= Required action =
The records are set out below this line. Return exactly the lines from the one containing "6.11.4 Buy Stamford" through the last, and exclude the pictures.

= Input for this task =
########
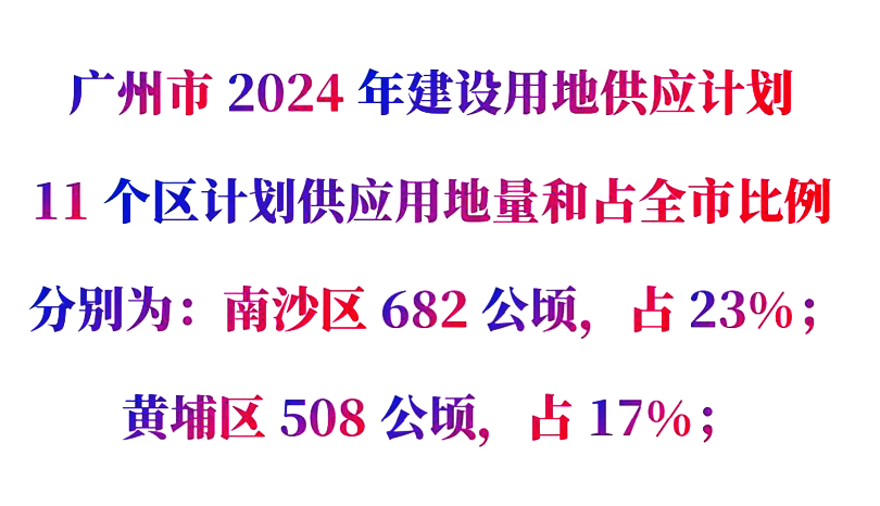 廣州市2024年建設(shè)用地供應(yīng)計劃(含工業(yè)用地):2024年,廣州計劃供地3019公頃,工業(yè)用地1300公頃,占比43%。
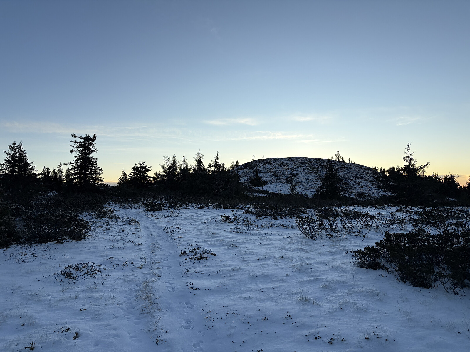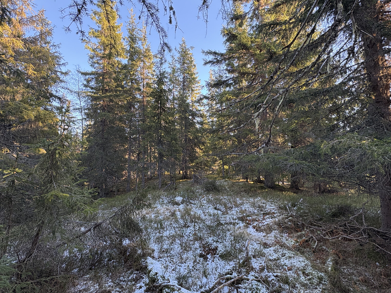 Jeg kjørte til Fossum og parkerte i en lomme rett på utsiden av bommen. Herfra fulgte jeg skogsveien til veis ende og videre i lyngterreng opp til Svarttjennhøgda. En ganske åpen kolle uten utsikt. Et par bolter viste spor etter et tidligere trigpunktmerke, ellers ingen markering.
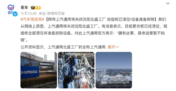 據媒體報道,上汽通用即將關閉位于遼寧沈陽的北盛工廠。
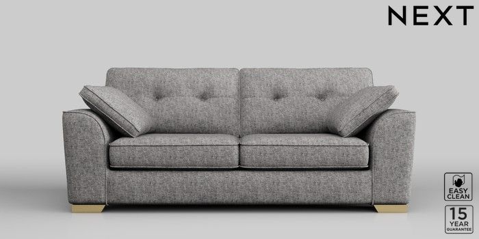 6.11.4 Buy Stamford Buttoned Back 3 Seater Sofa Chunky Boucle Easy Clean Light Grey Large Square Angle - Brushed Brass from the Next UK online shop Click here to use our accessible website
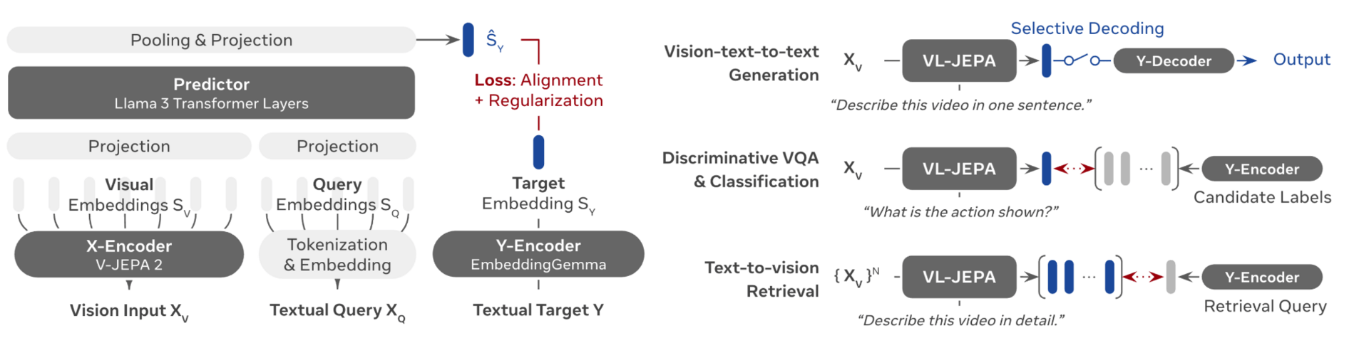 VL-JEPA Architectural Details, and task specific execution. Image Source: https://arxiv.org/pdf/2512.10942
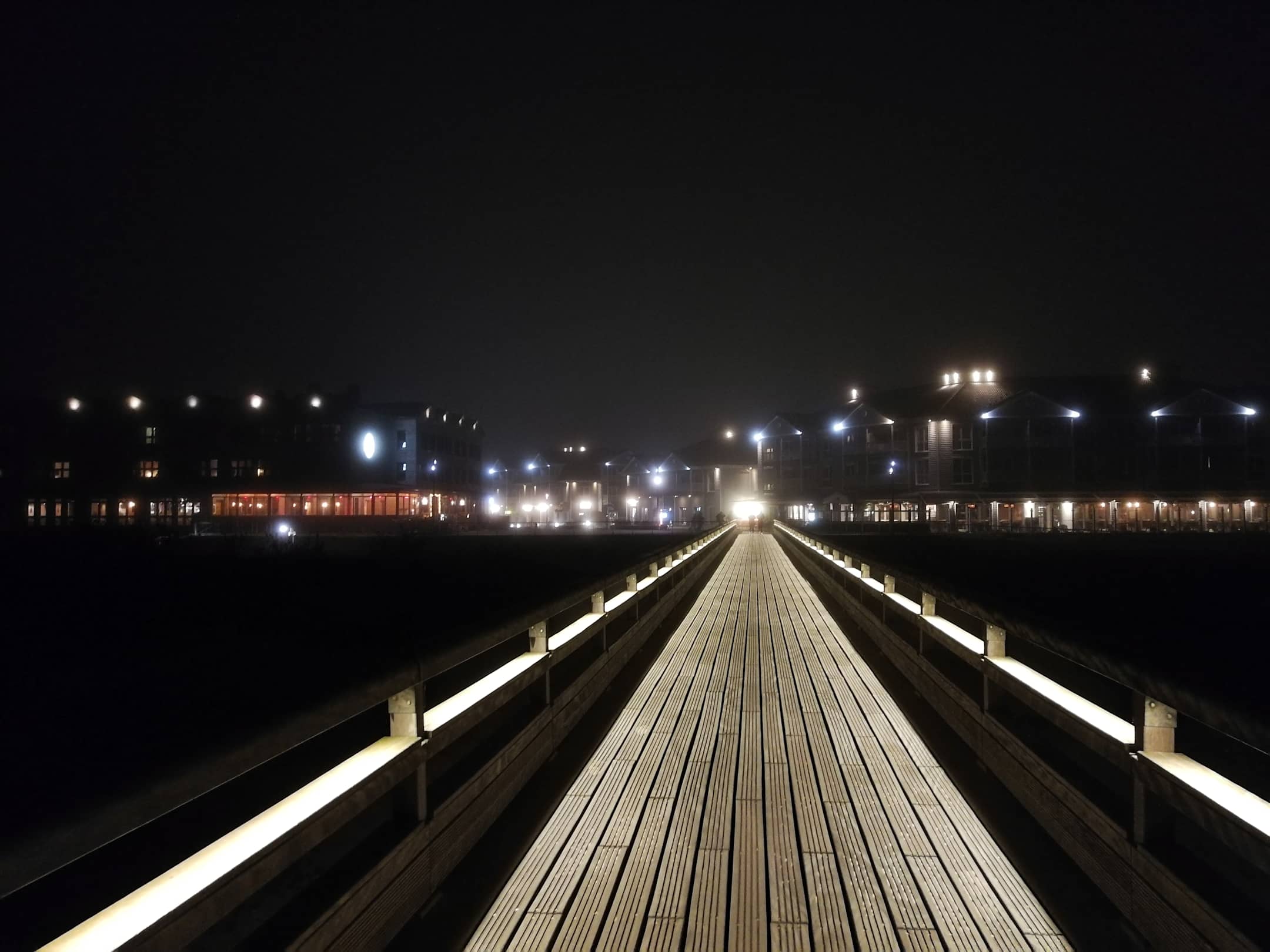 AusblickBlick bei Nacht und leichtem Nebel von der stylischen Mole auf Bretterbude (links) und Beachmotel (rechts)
########
= Expected answer =
 6.11.4 Buy Stamford Buttoned Back 3 Seater Sofa Chunky Boucle Easy Clean Light Grey Large Square Angle - Brushed Brass from the Next UK online shop Click here to use our accessible website
 VL-JEPA Architectural Details, and task specific execution. Image Source: https://arxiv.org/pdf/2512.10942
 AusblickBlick bei Nacht und leichtem Nebel von der stylischen Mole auf Bretterbude (links) und Beachmotel (rechts)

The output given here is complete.